Large technology stocks have generally declined. $Apple(AAPL.US)$ Decreased by 0.44%, $Amazon(AMZN.US)$ Decreased by 2.09%, $Meta Platforms(META.US)$ Up 0.07%, $Alphabet-A(GOOGL.US)$ Decreased by 0.67%, $Microsoft(MSFT.US)$ Up 0.23%, $Tesla(TSLA.US)$ Down 3.35%, $Netflix(NFLX.US)$ Decreased by 2.12%, $NVIDIA(NVDA.US)$ Decreased by 2.48%, $Micron Technology(MU.US)$ Down 2.53%, $Intel(INTC.US)$ Down 1.02%.
Important Market News
Federal Reserve Meeting Minutes: Interest rate hikes are still possible in May, and the economy is expected to decline during the year

The minutes of the Federal Reserve meeting showed that many Fed officials lowered their expectations for peak interest rates due to the banking crisis; several Fed officials emphasized the need to maintain policy flexibility; the decision to raise interest rates by 25 basis points in March was supported by all Fed officials; and the Federal Reserve staff expected the economy to begin a “moderate recession” in late 2023.

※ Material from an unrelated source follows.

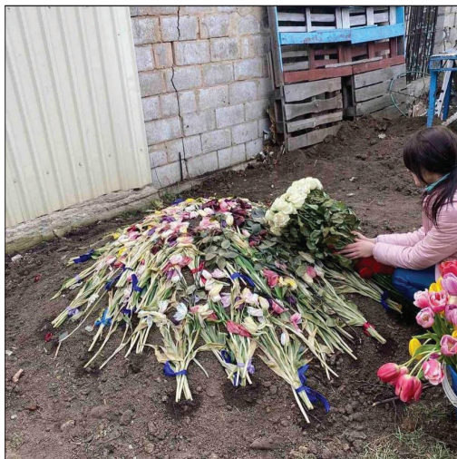
Місце поховання загиблих братів дияконів у дворі молитовного будинку Центральної церкви ЄХБ г. Маріуполь.

Despite the increased possibility of a recession, Fed officials suggest that interest rates may continue to be raised at the next meeting in May. The minutes write that in light of recent changes in the situation, FOMC members of the Federal Reserve's Monetary Policy Committee anticipate that it may be appropriate to increase some policy austerity in order to achieve a policy stance that is sufficiently restrictive on the economy, so that the inflation rate falls back to 2% over time.

The US CPI exceeded expectations in March and the inflationary pressure eased somewhat

On Wednesday EST, the US Bureau of Labor Statistics released data showing that the US recorded an unseasonally adjusted CPI annual rate of 5% in March, lower than the forecast of 5.2%, a new low since May 2021. However, the US recorded an annual rate of 5.6% of the core CPI without seasonal adjustments in March. The forecast was 5.6%. The previous value was 5.50%, ending five consecutive declines. After the March seasonal adjustment, the monthly CPI rate in the US recorded 0.1%, which is expected to be 0.20%, compared with the previous value of 0.40%.

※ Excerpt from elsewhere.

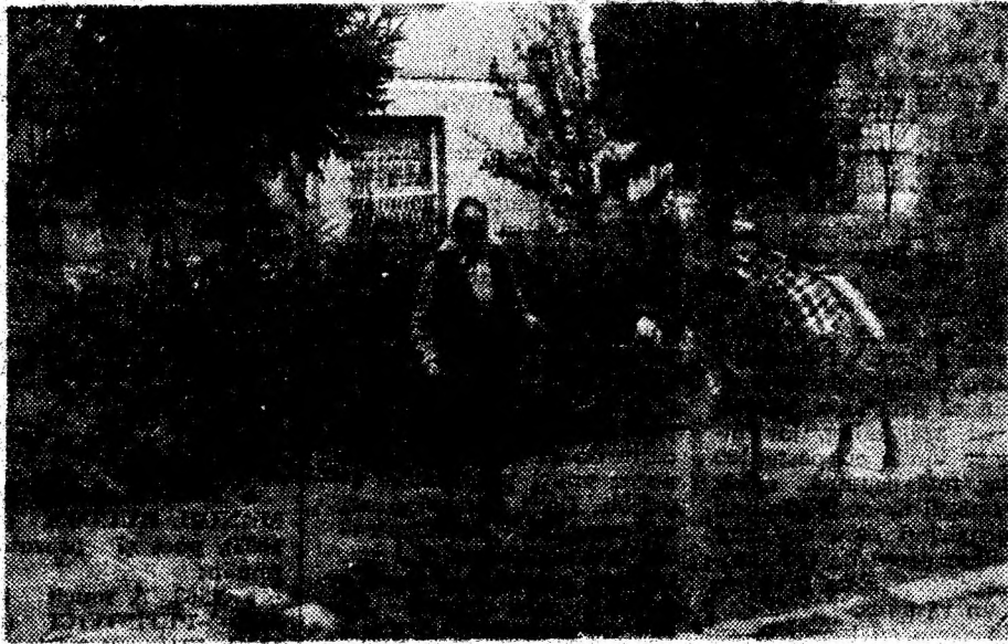
Cu măgărușul la oraș.

Overall, the US inflation data has been slowing for the 9th month in a row, lower than the 9% high in June last year, but still far above the Fed's 2% target. According to the analysis, the US inflation rate fell to its lowest level in the past two years in March, but the rise in core CPI will continue to put pressure on the Fed, forcing it to raise interest rates again in May.

US President Joe Biden said the CPI data showed continued progress in fighting inflation.